How a village in Uganda is protecting soils from climate change
In the last few years, Henry Kalumba, a smallholder farmer in Kkanya village, located in Central Uganda’s Mityana District, began noticing a change of color in his farm’s soil.
Instead of its usual dark brown, the soil had become yellowish, an indicator of low nutrients. The texture was slowly becoming cracked, dry, and dusty. With every month, more farms in the community saw the same decline.
Implementing agroecology in Kkanya
Having no other option but to adapt, Kalumba and other community members joined forces to integrate agroecological practices into their farms. This method prevents the soils from turning into a desert, a process fueled by climate change.
Agroecology is a production system that considers the interaction between plants and animals, diversifies crops on farms, regenerates soils, and uses organic fertilizers in food systems.
So far, around 30 household smallholder farms in Kkanya have adapted their production to agroecology, as it has proven to be efficient, cost-effective, and affordable for farmers. “We are now growing and maintaining food forests, not gardens’’ says Kalumba.

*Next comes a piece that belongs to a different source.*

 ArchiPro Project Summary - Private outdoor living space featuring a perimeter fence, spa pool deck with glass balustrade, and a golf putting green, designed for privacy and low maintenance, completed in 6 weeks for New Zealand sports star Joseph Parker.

Fighting a changing climate
Kkanya is located in Uganda’s cattle corridor, which covers approximately 40% of Uganda's land surface and highly depends on agriculture. However, climate change and other human disturbances have posed a significant threat to local communities.
“In the recent past, we have observed high soil erosion and decreased soil fertility and productivity. The available options of using fertilizers and other highly commercial practices did not help,” explains Kalumba.

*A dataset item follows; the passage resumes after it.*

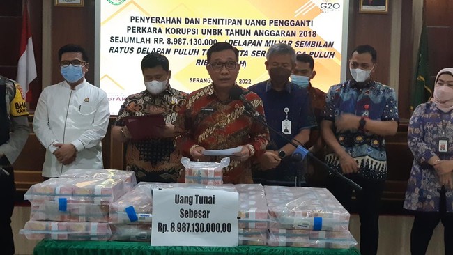 "Rp 8,9 miliar ini merupakan uang titipan, uang pengganti sebagaimana hasil penghitungan kerugian," kata Kajati Banten Leonard Eben Ezer Simanjuntak kepada wartawan, Jumat (1/4/2022).

The corridor exhibits serious land and resource degradation driven by overgrazing, inappropriate agriculture practices, and charcoal production leading to deforestation, according to a 2016 report by the United Nations Development Programme in Uganda.
“We are working on maintaining moisture and carbon in our soils, and we are moving from chemically intensive agriculture to what our forefathers did, and we are getting better yields,” says Sarah Nangendo, a farmer and teacher in the region.
Changing their ways
The village was a beneficiary of a program implemented by the Ministry of Local Government in Uganda. The initiative organized seminars and workshops for the farmers to learn agroecology, including how to mulch, intercrop legumes with grains, and merge sustainable methods into their agriculture and livestock practices.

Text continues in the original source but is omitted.